Gracias Lampiste por tu aclaración. Simplemente, dificulta la traducción  el que la frase no forme parte de un diálogo sino del mismo relato, una  como acotación del autor al presentar a uno de sus personajes, cuñado  de la protagonista. Ella va paseando y se encuentra  con conocidos que  la saludan y éste es uno de ellos, ocasión para el escritor de presentárnoslo.

¿Qué te parecería algo  como "la peste soit des procès !" ???? o "la peste l'emporte" (maldiciendo al que puede originar los pleitos de marras)


> *B.* −*Vieilli, fam. ou par affectation* *1.* [Empl. dans une* imprécation*]  *Peste de* + subst.! _(La) peste soit de_ + subst.!  _Peste de la petite fille sotte et bouchée!_ (Hugo, _N.-D. Paris,_ 1832, p.38). _Peste soit des jours envolés! (...) Vive le présent!_ (Milosz, _Amour. init.,_ 1910, p.43). _La peste soit des métaphores: on songe irrésistiblement au «char de l'État qui navigue, etc...»_ (Gide, _Ainsi soit-il,_ 1951, p.1204).cnrtl



Es expresión anticuada, pero no encuentro nada mejor de momento. Dime al menos si para ti van por ahí los tiros, por favor.


----------



## Pohana

Paquit& said:


> ... El asunto [relaciones familiares "agitadas"]  se planteó sobre el testamento de TP y anda en manos de notarios y abogados, *pleitos tengas,* aunque la guerra lo deje todo en suspenso"...
> Me despista también la coma después de abogados (he copiado la frase rigurosamente con su puntuación exacta)...



Buenas noches:
En una región de Venezuela (el Zulia) existe una maldición "_entre abogados te veas_" que me parece equivalente a "_pleitos tengas_". El hecho de estar entre comas me suena un poco a "se planteó sobre el testamento de TP y anda en manos de notarios y abogados, *entre maldiciones,..." *la referencia a _las relaciones familiares agitadas_ refuerza la idea de miembros de la familia maldiciéndose unos a otros. 
Paquit&, si no conoces en francés una expresión equivalente, pienso que bastaría con expresar esta situación.
À +
Pohana


----------



## Lampiste

Bonjour:

Sí, sí, por ahí van lo tiros, Paquita.

Creo que _*la peste soit des procès *s_ería perfecto porque, al mismo tiempo que alude a los pleitos, los tacha con cierta rabia de cosa detestable.
 …...........

No obstante tengo que lanzar un “Aahhh, bueeno” porque al no tener yo a mano la obra sobre el asedio de Cádiz, he redactado mi mensaje anterior pensando en que se trataba de un diálogo. Por eso me refería al estado de irritación del personaje al pronunciar _*pleitos tengas*_.

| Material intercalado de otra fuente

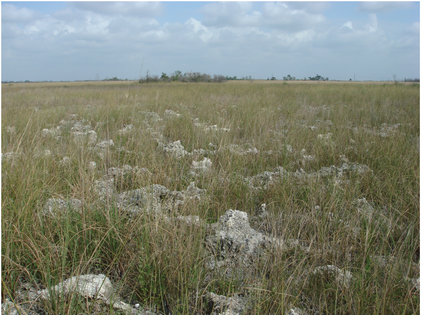
Everglades National Park (Miami-Dade County)

In the Big Cypress region, widely scattered, stunted pond cypress ( Taxodium ascendens ) is often present in the marl prairie. These trees, sometimes called dwarf, scrub, or hat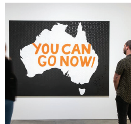
Immigration Policy (2017) by Richard Bell.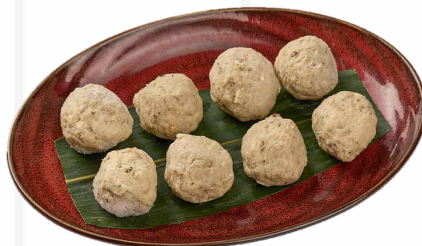
香菇豬肉丸 (4粒/ 8粒)

Pork Meatball, Shiitake Mushroom (4 pcs/ 8 pcs)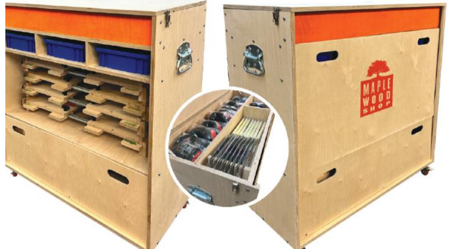
A grant from the Town Pump Charitable Foundation allowed WorkshopMT to purchase a mobile tool kit that will allow them to travel to teach woodworking skills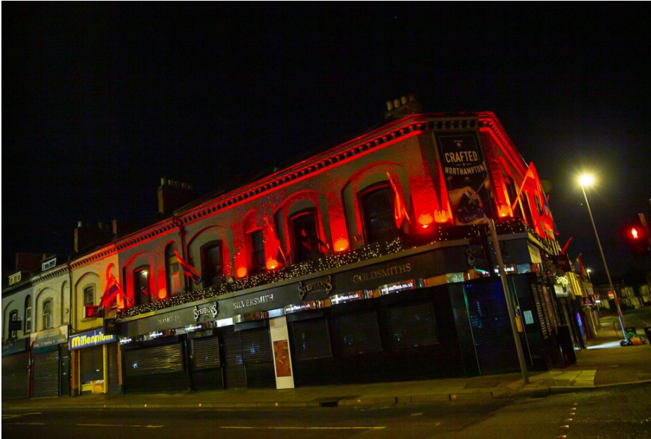
Steffans Jewellers.

Este giro inesperado no cambia mi opinión en cuanto al fondo de la cuestión, pero sí en que, como esa expresión no proviene de un personaje de la novela sino del autor de la misma, me imagino que el grado de irritación será mucho menor y, en consecuencia, más tenue el énfasis al pronunciarla. (Y ahora entiendo por qué Arturo no ha escrito esa expresión entre signos de exclamación).

En otras palabras: *mantengo *lo dicho pero retiro mi apuesta de 20 euros.

À bientôt


----------



## Pohana

Pohana said:


> ... "se planteó sobre el testamento de TP y anda en manos de notarios y abogados, *entre maldiciones,..." *


Me reeescribo: ... "se planteó sobre el testamento de TP y anda en manos de notarios y abogados, *maldiciones judiciales,* aunque la guerra lo deje todo en suspenso"


----------



## Paquita

Lo prometido...

Cadix ou la diagonale du fou 
Seuil page 58


> ce qui n'arrange pas leurs relations





Merci à tous ceux qui se sont décarcassés...(eux au moins)  (http://forum.wordreference.com/showthread.php?t=1006526)

Et joyeuses fêtes...


----------



## Nanon

Paquit& said:


> ce qui n'arrange pas leurs relations


Hein ? 
Ça ne va pas arranger mes relations avec les des certains je ne sais plus romans traduits en français, ça...


Paquit& said:


> Me despista también la coma después de abogados


Et il a ponctué comment, d'ailleurs (le traducteur, je veux dire) ?


----------



## Víctor Pérez

Sé que ya ha quedado claro lo de la maldición gitana pero me gustaría añadir que el autor ha aprovechado que hablara de la administración de la justicia para *recordar *que andar en manos de notarios y abogados no es nada gratificante (de ahí que exista aquel otro dicho tan popular: "más vale un mal arreglo que un buen pleito", cuyo equivalente francés es "mauvais accord vaut mieux que bon procès".).

En cuanto a la oportunidad del inciso, creo que hubiese sido más elocuente y claro si hubiese puesto esa referencia entre guiones y con puntos suspensivos: "...y anda en manos de notarios y abogados -*pleitos tengas...*- aunque la guerra...".


----------



## Nanon

Me estás leyendo el pensamiento, Víctor. Yo también hubiera puesto guiones.


----------



## Paquita

Nanon said:


> Me estás leyendo el pensamiento, Víctor. Yo también hubiera puesto guiones.



Y yo también.. Y si Pérez Reverte los hubiera puesto, tal vez no existiera este hilo...

Mis disculpas por haber dado solo la traducción del inciso, por las prisas.


> L'affaire, qui tire son origine du testament de Tomás Palma, est entre les mains de notaires et d'avocats, ce qui n'arrange pas leurs relations, même si la guerre laisse tout en suspens.


----------